I apply a real time anomaly detection system through spark streaming. In each streaming interval, if the data point is anomaly, AWS SNS send an email to subscribe accounts. But AWS SNS java sdk like not working in spark streaming. Below is the error message


ERROR StreamingContext: Error starting the context, marking it as stopped java.io.NotSerializableException: DStream checkpointing has been enabled but the DStreams with their functions are not serializable com.amazonaws.services.sns.AmazonSNSClient Serialization stack: - object not serializable (class: com.amazonaws.services.sns.AmazonSNSClient, value: com.amazonaws.services.sns.AmazonSNSClient@a99e813) - field (class: wordCount$$anonfun$main$2, name: snsClient$1, type: class com.amazonaws.services.sns.AmazonSNSClient) - object (class wordCount$$anonfun$main$2, ) - field (class: org.apache.spark.streaming.dstream.DStream$$anonfun$foreachRDD$1$$anonfun$apply$mcV$sp$3, name: cleanedF$1, type: interface scala.Function1) - object (class org.apache.spark.streaming.dstream.DStream$$anonfun$foreachRDD$1$$anonfun$apply$mcV$sp$3, ) - writeObject data (class: org.apache.spark.streaming.dstream.DStream) - object (class org.apache.spark.streaming.dstream.ForEachDStream, org.apache.spark.streaming.dstream.ForEachDStream@5b56679b) - writeObject data (class: org.apache.spark.streaming.dstream.DStreamCheckpointData) - object (class org.apache.spark.streaming.dstream.DStreamCheckpointData, [ 0 checkpoint files


Does anyone has any idea to solve it.. or have some other solution to send email in spark streaming

thanks a lot

1

1 Answers

1
votes

The error is that the AmazonSNSClient instance is not serializable. This probably means you've instantiated it outside a transformation and are using it inside a transformation. This will cause spark to serialise it.

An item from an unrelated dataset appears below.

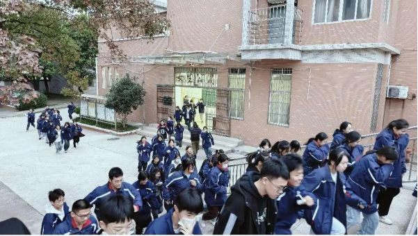 随着大楼警报响起,全体师生迅速进入紧急状态,宿舍老师立即到达指定岗位,引导学生快速疏散。同学们用湿毛巾捂住口鼻,弯腰低头快速前行,沿着预定的疏散路线有序撤离到安全区域,整个过程不超过3分钟。

With non-streaming spark, you could try instantiating your AmazonSNSClient inside a mapPartitions function on the RDD instead, or the equivalent for spark streaming. A quick look at the streaming docs has a section that might be useful to you which seems to cover similar ground around efficiently creating connections to databases, external systems, etc.

The main point is that you need to instantiate your client on the worker, not the driver and then send it to the worker (which requires the instance to be serialisable).